Андрей сидел на лавочке, туфли его ясно белели в темноте. Валединский стоял сзади. Они оба замолчали и с чувством неловкости за это молчание, глядя на далекие огненные уступы пожаров, думали каждый о своем: Андрей — о матери, о братишке Мише, о Сухом Ключе и горящей с гудением, опустевшей тайге, а Валединский — о Москве, об институте, о жене и Лиде, которым он уже послал вызов, и где-то еще в глубине — постоянно — о заводе, о плане, об очистных и проходческих комбайнах, об одноцепных и двухцепных скребковых конвейерах, о буровых машинах, о бесконечном этом напряжении и неясной тревоге.
— Хотите, поднимемся ко мне? — вдруг спросил инженер.
— К вам? — удивился Андрей.— Можно...
Они вошли в квартиру, в дальней комнате горела зеленая Настольная лампа, и так уютно и приятно было Андрею от ее света.
— Хотите выпить?
— Выпить? Можно, почему же.
Инженер достал бутылку, налил по полстакана, они скованно чокнулись, выпили и запили холодной чайной заваркой.
На письменном столе стояли две карточки — видимо, жена и дочь. А на стене висели портрет человека в парике и еще цветная картинка — молодая женщина. Андрей всегда интересовался такими вещами.
— Это кто же будет, Аркадий Викторович?
— Это замечательный ученый Лавуазье, Антуан Лоран Лавуазье. Он жил давно, во времена Французской революции, он был богатым человеком и тратил деньги на научную работу. К сожалению, он был казнен. В жизни много несправедливости, молодой человек. Да, несправедливо казнен. Через два года был признан невинно осужденным.— Он снова налил.— А это... — в сторону портрета женщины, — это Ренуар.
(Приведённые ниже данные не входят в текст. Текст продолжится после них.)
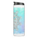 Bring your liquids along with sacred geometry and watercolor art gracing the travel mug. This white and turquoise mandala thermal tumbler not only looks pretty, it keeps your liquids at a constant temperature longer.
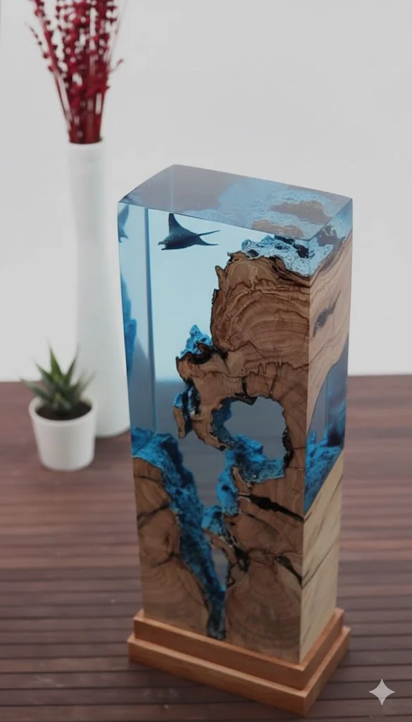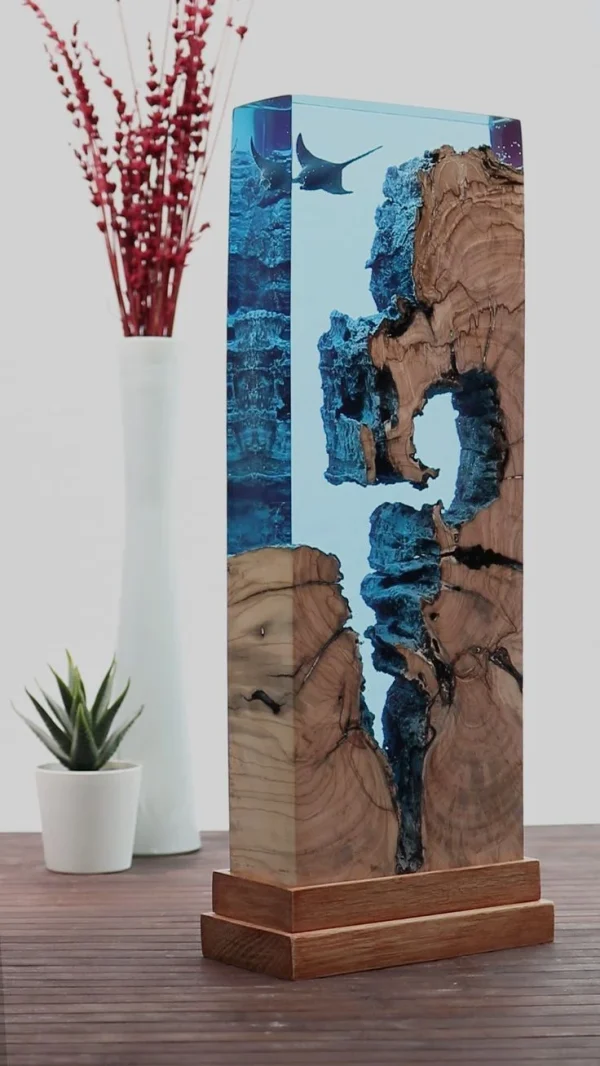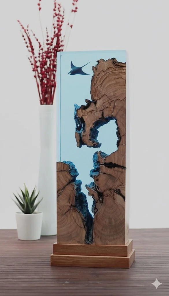 A mesmerizing handcrafted sculpture combining ancient wood and deep blue resin with a swimming manta ray, designed to evoke the serenity of the ocean depths. Functions as a unique art piece and ambient lamp.

Они опять запили заваркой, и Андрей спросил:
— А закусить ничего нет?
И когда инженер, несколько удивившись, принес из кухни копченую колбасу, объяснил:
— Без привычки так-то запивать.
— Конечно, ко всему нужно привыкнуть,— согласился инженер,— как глаза привыкают к темноте, как привыкают люди к этим морозам, к тому, что можно строить в такие морозы.— Он опять налил.— Я был в плену, валялся в бараке на одной койке с сыпнотифозным, он умер, а я даже не заразился. Здесь вступают в действие особые неведомые законы.
Андрей не знал, что ответить, кивал головой. А инженер продолжал:
— Там, в лагере у немцев, мы грузили баржи битым камнем, стояли по пояс в воде. Я был весь покрыт фурункулами, и ничего, работал.
Андрей не знал, что такое фурункулы, но спрашивать не стал. Он чувствовал, что тоже опьянел, может, не так, как инженер, но тоже здорово, и ему было приятно, что инженер ему рассказывает о себе.
— Ко всему можно привыкнуть, но должно быть чувство реальности. Если из окна пятого этажа посмотреть на землю в бинокль, покажется, что можно спрыгнуть, так низко. Поняли меня? Все относительно. Мы привыкли к суррогатам, мы репродукциями восхищаемся, потому что не видели подлинника. А когда увидишь подлинник, замечаешь, как ничтожны репродукции и какие они все разные, если их сравнить между собой.
Погас свет, они долго искали свечу, наконец нашли, зажгли, но тут опять дали свет.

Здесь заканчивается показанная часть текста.